Кроме тебя, Киря. Ты понял, что он хотел тебе сказать? Понял, нет? Что ты чмо, раз не знаешь, сколько стоит его мазня. Что ты низшее существо. Что ты крыса вшивая. Ты это переживёшь?

Я въебал ему с ноги. Прямо подошвой в харю. Прямо без лишних вступлений. О чём тут ещё разговаривать, чего выяснять? И так всё ясно.

О-о, кайф-то какой!

– Падаль! – топтал я его ногами. – Хочешь легко жизнь прожить? Рисовать хочешь, а другие на заводе горбатиться должны? Не получится, выродок!

Лицо его быстро кровушкой залило. Он руки выставлял, пытался закрыться. «На помощь!» – хрипел. Ссукабля, даже на помощь позвать нормально не может. Гордо, шёпотом.

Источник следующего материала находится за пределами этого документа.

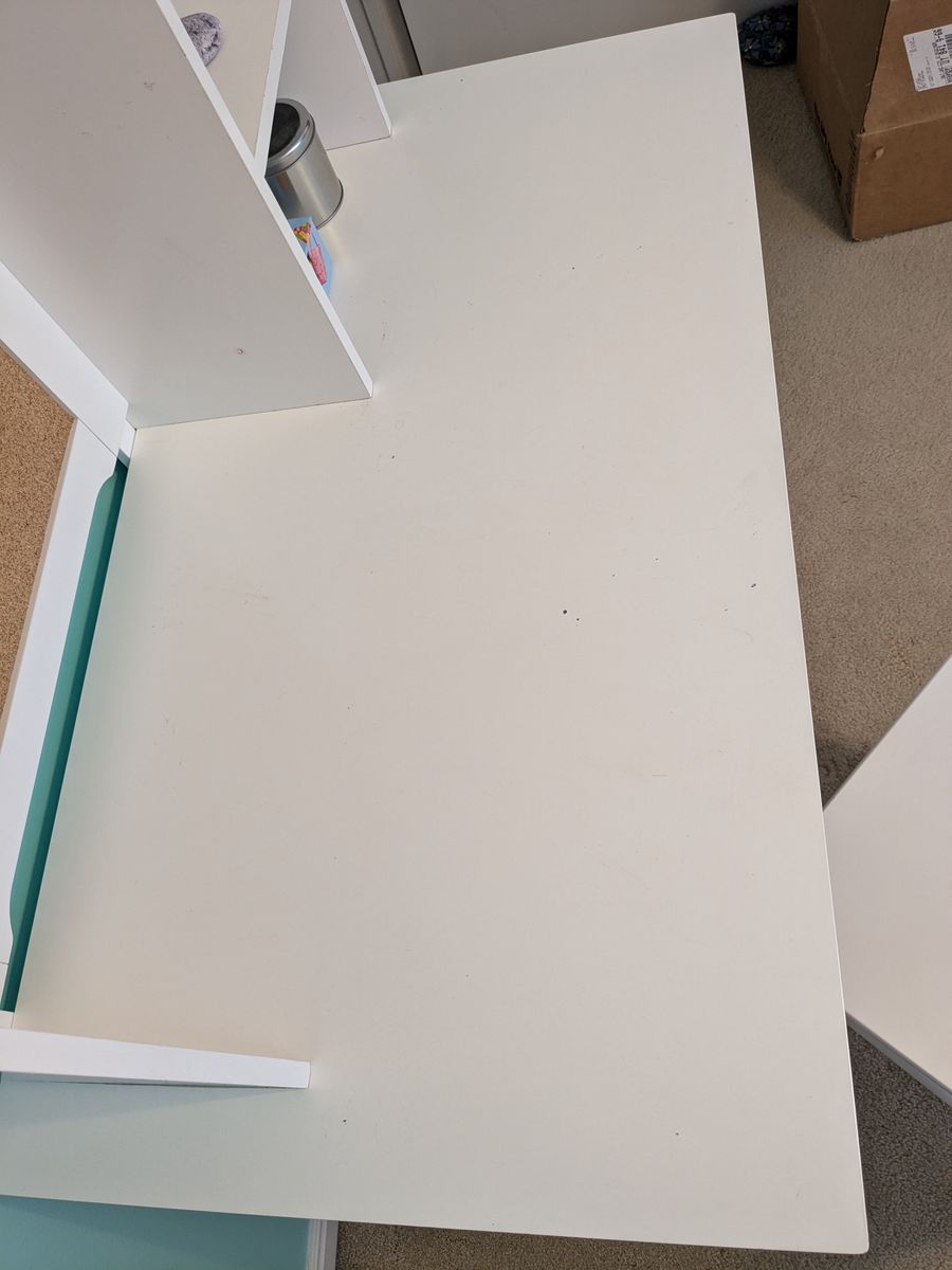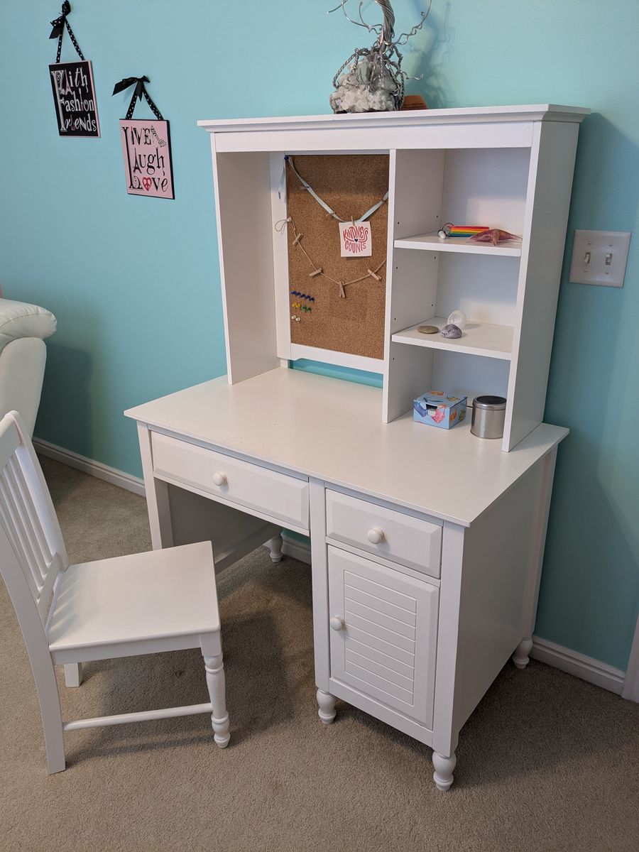Selling a complete white student desk set. Great for a kid's room or homework station. It’s functional, looks nice, and includes everything you need to get set up.

Чтобы потом, в горьком одиночестве, проклинать людской род за то, что он не протянул ему руку помощи.

– На те, гнида! – пиздил я его. – Не отделяйся от человеческого коллектива. Исусёнок чему тебя учил? Смири гордыню, тварь! А ты возгордился, над толпой возвыситься захотел. Художника из себя изображаешь. Какой ты к ёбаной матери художник? Ты бездарь!

Он корчился на земле. Я прошвырнулся по его карманам. На большой улов рассчитывать не приходилось, с алкоголиков нечего взять, но рублей двести с мелочью набралось. Неужели нарисовал кого-то?

– Думаешь, я несправедлив? – добавил я пиздюлей перед расставанием. – Ошибаешься, мне позволено. Я вершитель судеб. Я соль земли. Я совесть народная. А ты – мерзкая человеческая падаль.

От последнего удара он застонал особенно надрывно. Я сломал его мольберт, разбросал из пенала мелки. Думал из одежды чего-нито снять, но на этом бомже одно барахло висело.


Всё оттого, бурлило внутри, что миром правит долбанный гуманизм. Всё поэтому. По этой причине такие уроды, как этот клоун, и существуют. Общество само себя уничтожает. У нас культ слабости. Каждая слабая, безвольная вошь – уважаемый гражданин. А сильный человек, который молча свою лямку тянет – всеми презираемое быдло. Расплодили актёров, музыкантов, режиссёров всяких, писателей ёбаных – а кому они нужны?! Вот и получайте за свою слабость вымирающее человечество! Одни инвалиды в нём, одни душевнобольные, одни извращенцы.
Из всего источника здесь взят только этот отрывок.